PostMessage on JUCE window

Hi all,

I’m trying to control a juce window by using the PostMessage() API of Windows. I did Spy++ on a window to see what messages are generated and I’m posting those to simulate a drag and drop movement but the window doesn’t respond to it. I’m wondering if JUCE queries the cursor position or simply works on Windows messages and that I’m missing something here.

Thanks

It’ll respond to messages same as any other win32 window… But drag and drop is quite complicate, involving COM objects and stuff, so probably a bit of a pain to try to emulate it via PostMessage(). What are you actually trying to do?

I’m trying to have onMouseDown() to be called on a juce EventListener when I do PostMessage() with WM_LBUTTONDOWN but it doesn’t get called. I’m trying to figure out what makes juce call that function.

Yes, but what are you actually trying to achieve? Why do you want to trigger this event? Simulating mouse-clicks is probably the worst possible way to communicate between processes.
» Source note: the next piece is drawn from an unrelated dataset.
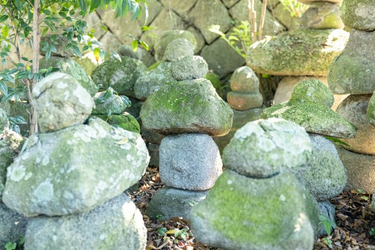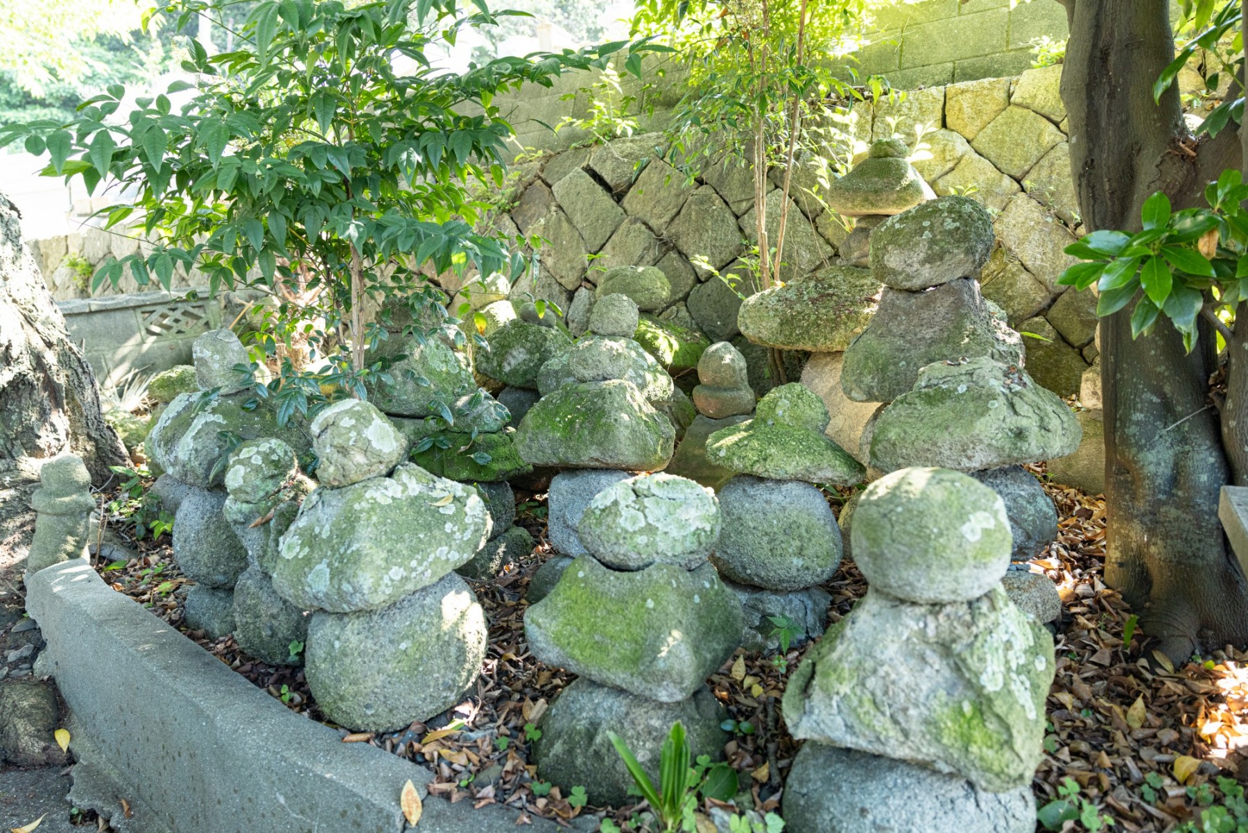 真鍋島字岩坪の墓地に凝灰岩製の五輪塔群(一部に宝篋印塔あり)があります。

We have a tool for visualization with an OpenGL window inside. We’re working on integrating closed-source applications and are in need of syncing three instances of this tool with the user input. Simply, when the user is controlling one view (panning, zooming, rotating etc.) we want other two be responding to this as well, doing the same interactions. To give more of a context, we have them one on top and are building a mask in one of the viewers and using it to combine the other two, making the parts with the mask transparent.

I hope this gives you some context for what I’m trying to achieve.
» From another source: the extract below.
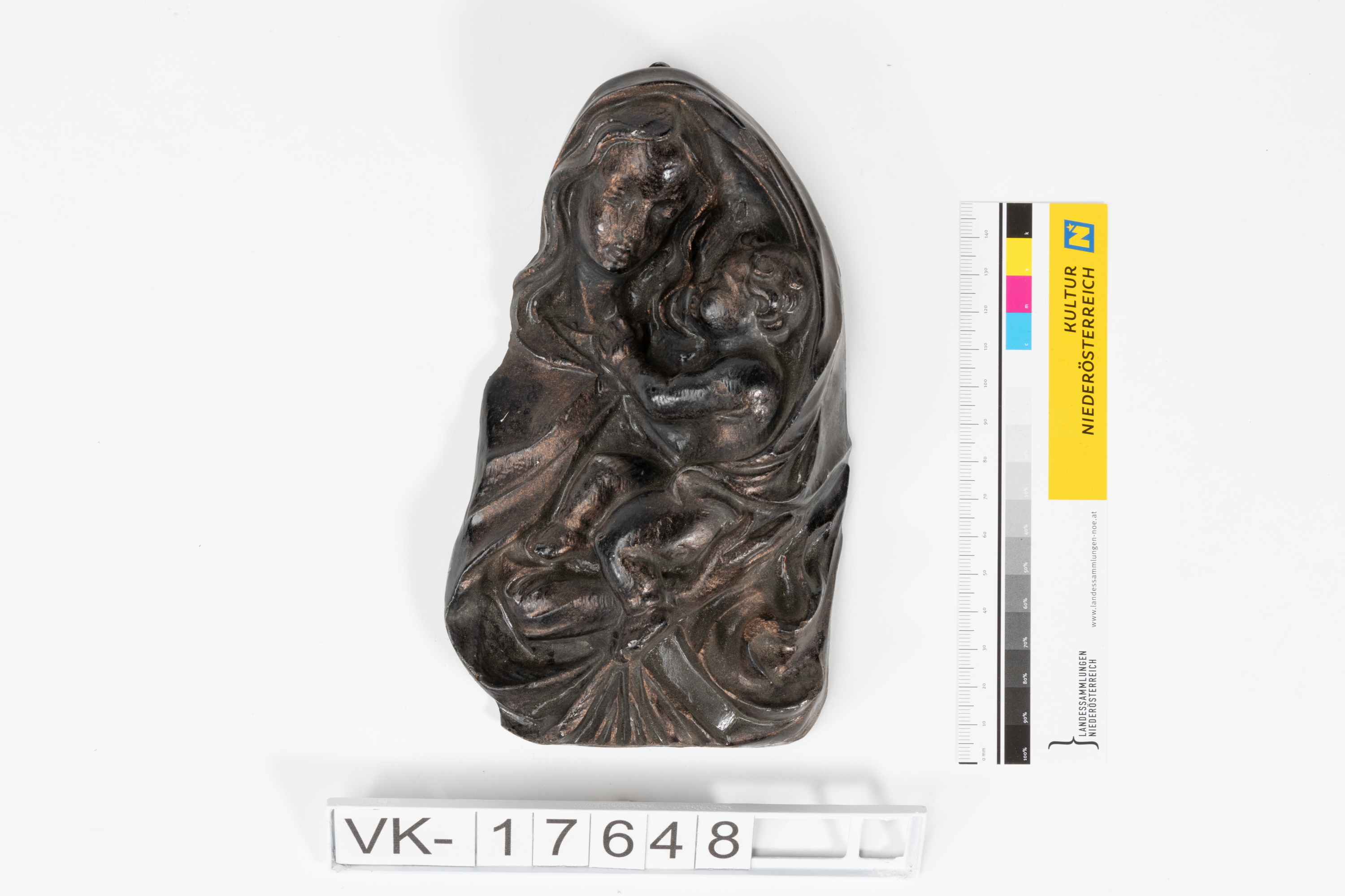 Aus Gips gegossene und lackiertes Relief: Maria mit Kind.

Wow, sounds like a tricky task! Have you tried using an event viewer to spy on the events caused by a real click, so that you can make sure you’re copying them correctly?

I did. That’s why I was wondering if there are other things that involve a click response to be generated, like whether JUCE queries the actual mouse position to figure out if its really in the window etc. I had it not working for a lot of other applications too, so its not a surprise that it doesn’t work in this case but I’m trying to generalize it to whether there is something common that is done in the applications where postmessage() doesn’t work.

I haven’t tried this tool, but it’s description made it sound like it might be helpful to you…

http://www.codeproject.com/KB/winsdk/messagespy.aspx

That’s quite possible, it does check the mouse position in a few places. It might also be checking whether its process is actually the foreground process too, and there’s also the idea of mouse-capture - if another window has the mouse-capture, then it won’t be able to get any drag events. It’s all a bit of a minefield, I’m afraid!